Clinical Interaction Between Grapefruit Juice and Cyclosporine: Is There any Interest for the Hematologists?

To the Editor:

In the last few years a lot of reports dealt with pharmacokinetic interactions leading to elevated cyclosporine (CsA) blood concentrations. These interactions involve various drugs and food constituents, including antibiotics, antifungal agents, calcium antagonists, dietary lipids, and grapefruit juice.1,2Grapefruit juice has been shown to significantly inhibit the gut wall cytochrome P 450 isoenzyme CYP 3A4, which is important in metabolism of CsA.3 

The effect appears to be caused by the components of grapefruit juice, naringin, naringenin, or other flavonoids.4,5 The bioavailability of conventional CsA is low, with variable adsorption, clearance, and distribution; dosing, safe and effective use, and toxicity of the drug are still a matter of debate even though a better bioavailability has been observed with a new CsA microemulsion formulation.6 Recently, a study was presented7on healthy adult volunteers, showing that coadministration of a defined dose of grapefruit juice could increase blood CsA concentration. A similar effect was observed in renal transplant recipients8and also in patients with autoimmune rheumatologic diseases.9 However, it is still uncertain whether the effect of grapefruit juice may be sustained over time and whether it may contribute to maximize efficacy and minimize toxicity of CsA. So, we consider it useful to report on the satisfactory effect of grapefruit juice on blood CsA concentration and clinical outcome in four resistant, CsA-dependent, hematological patients followed for 9 months.

Four patients (age 20 to 69 years) with hematological immune disorders were treated: a female with autoimmune hemolytic anemia (AIHA), a female with idiopathic throbocytopenic purpura (ITP), a male with AIHA in chronic lymphocytic leukemia (CLL), and a male with severe aplastic anemia (AA). With the exception of the AA patient, the other three patients were resistant to other immunosuppressive treatments and splenectomy, and the hematological remission was maintained with chronic administration of CsA for 13 to 58 months. Further details on these patients have been reported elsewhere.10 The AA patient was on CsA with water treatment for 3 months. Four patients (two AIHA women, one ITP woman, one AA man; age 28 to 62 years) having CsA only with water were followed for the same time as controls.

After informed consent, the grapefruit juice (250 mL) was coadministered orally with cyclosporine A capsules, outside the clinic. The drug daily dose (3 to 4 mg/kg to maintain the blood therapeutic values of 200 to 400 ng/mL) was administered simultaneously with the juice, half in the morning and half in the evening. Two patients (with AIHA and AA) used commercially available grapefruit juice and the others (with ITP and AIHA + CLL) a juice obtained by a commercially available self-squeezed grapefruit.

The CsA blood concentration was monitored every 2 weeks by Sandimmum-kit radioimmunoassay as well as blood pressure, glucose, serum creatinine, serum glutamic oxaloacetic, and pyruvic transaminase and lactate dehydrogenase levels. In all patients treated with CsA plus grapefruit juice, after 2 weeks of treatment we noted a progressive increase of CsA blood concentration and an increase of hemoglobin (Hb) and platelet levels; we also noted an increase in the white blood cell levels in the AA patient.

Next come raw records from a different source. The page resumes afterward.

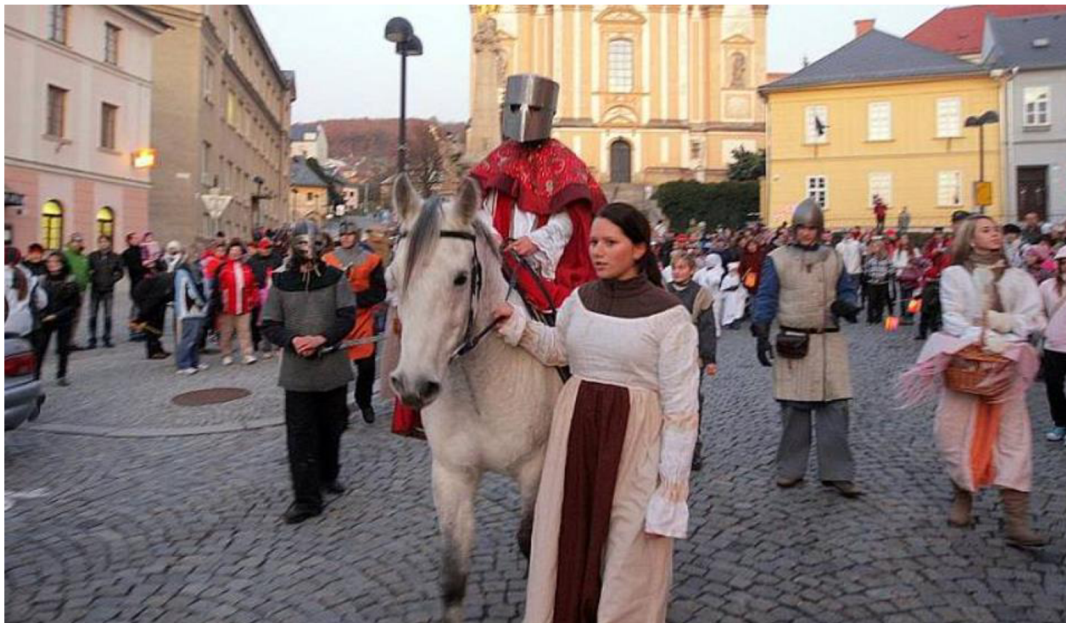
Obrázek č. 6. Svatomartinský průvod ve Šternberku v r. 2011

setkáváme – sv. Barbora, sv. Lucie, sv. Mikuláš a další. Prohlídky jsou pak zakončeny v liechtenštejnské kuchyni, kde bývají připraveny ochutnávky martinských specialit a vína. 108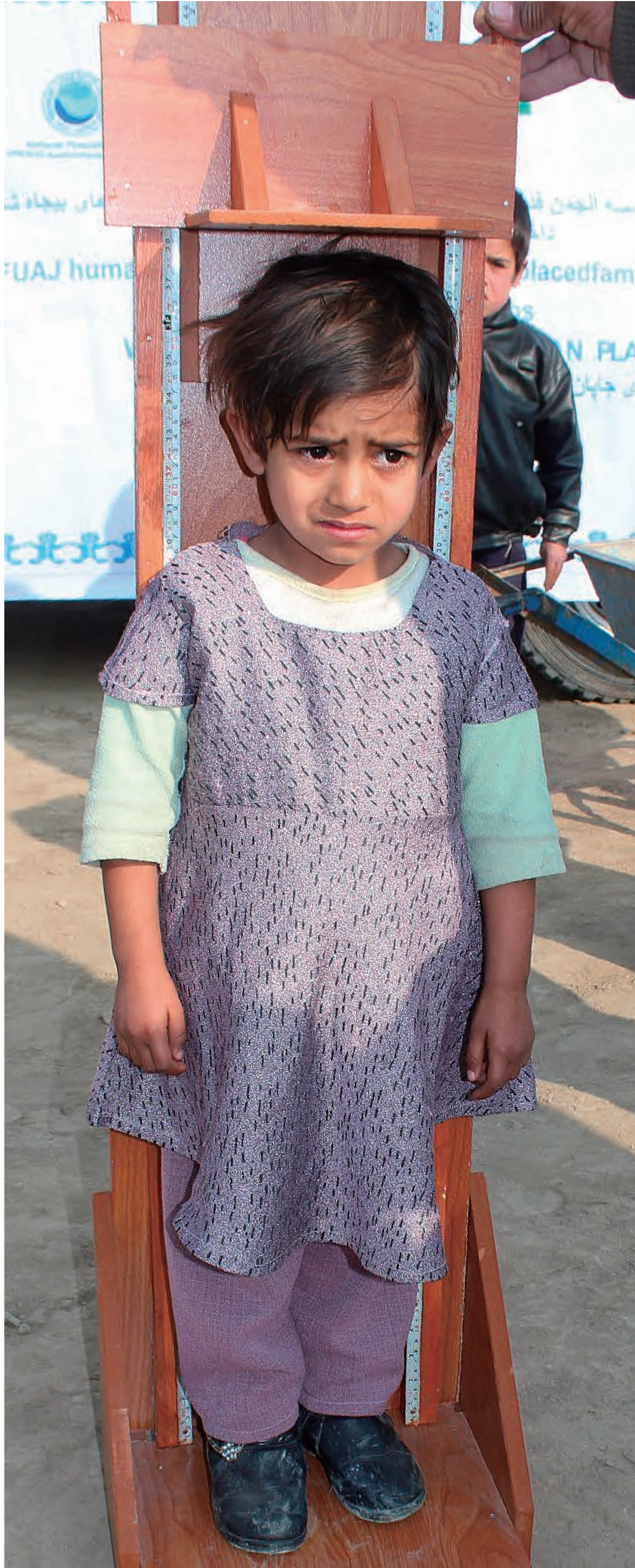
もうちょっとリラックスしていいよ。バリカブ第1キャンプで身長を計ってもらった女の子

National Federation of UNESCO Associations in Japan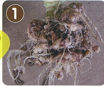
1 こぶ状になった根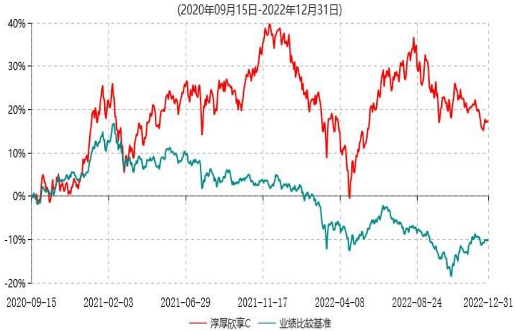
淳厚欣享C累计净值增长率与业绩比较基准收益率历史走势对比图

注：本基金基金合同生效日为2020年9月15日。按基金合同规定，本基金自基金合同生效起6个月内为建仓期。建仓期结束时本基金的各项投资比例均符合基金合同约定。

This allowed a reduction of CsA doses, especially in ITP patient (Fig 1). For all patients, the clinical outcome progressively improved (Fig 1). Neither nephrotoxicity nor other side effects were observed. The ITP patient, with drug requiring, CsA-dependent hypertension was also able to withdraw the antihypertensive drugs. In the control patients treated with CsA with water, the hematological remission was maintained over time with full CsA doses and without any possibility of CsA dose reduction.

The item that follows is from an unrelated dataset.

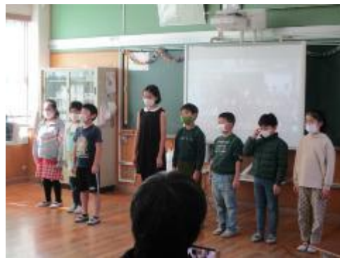
未来への HOPE !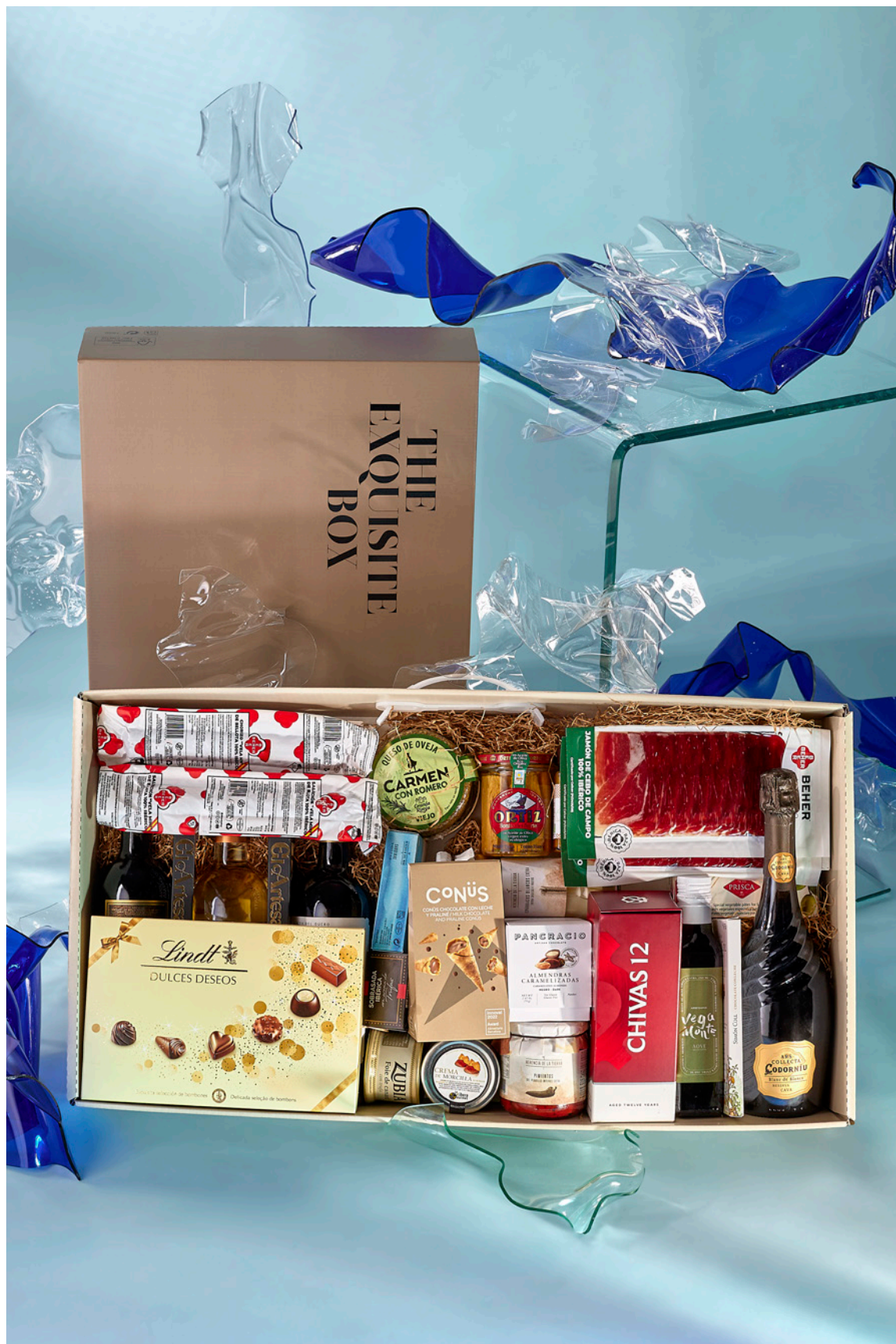
LOTE THE EXQUISITE BOX 305 REF. 4D2CTEB305

Our data suggest that coadministration of CsA with grapefruit juice in drug-dependent hematological patients could increase CsA blood concentration and that the effect is sustained over time. This interaction, if unmonitored, is potentially dangerous, increasing toxicity of CsA. On the other hand it allows the reduction of daily required dose of drug, improving the clinical outcome on the whole with stable results and without side effects, at least in patients with hematological disorders. Moreover, the reduction of drug dosage can cut its side effects, as in one of our patients, as well as the cost of treatment.

We think that it would seem reasonable to warn the hematologists, the patients under long-term CsA treatment, and the pharmacists of this food-drug interaction.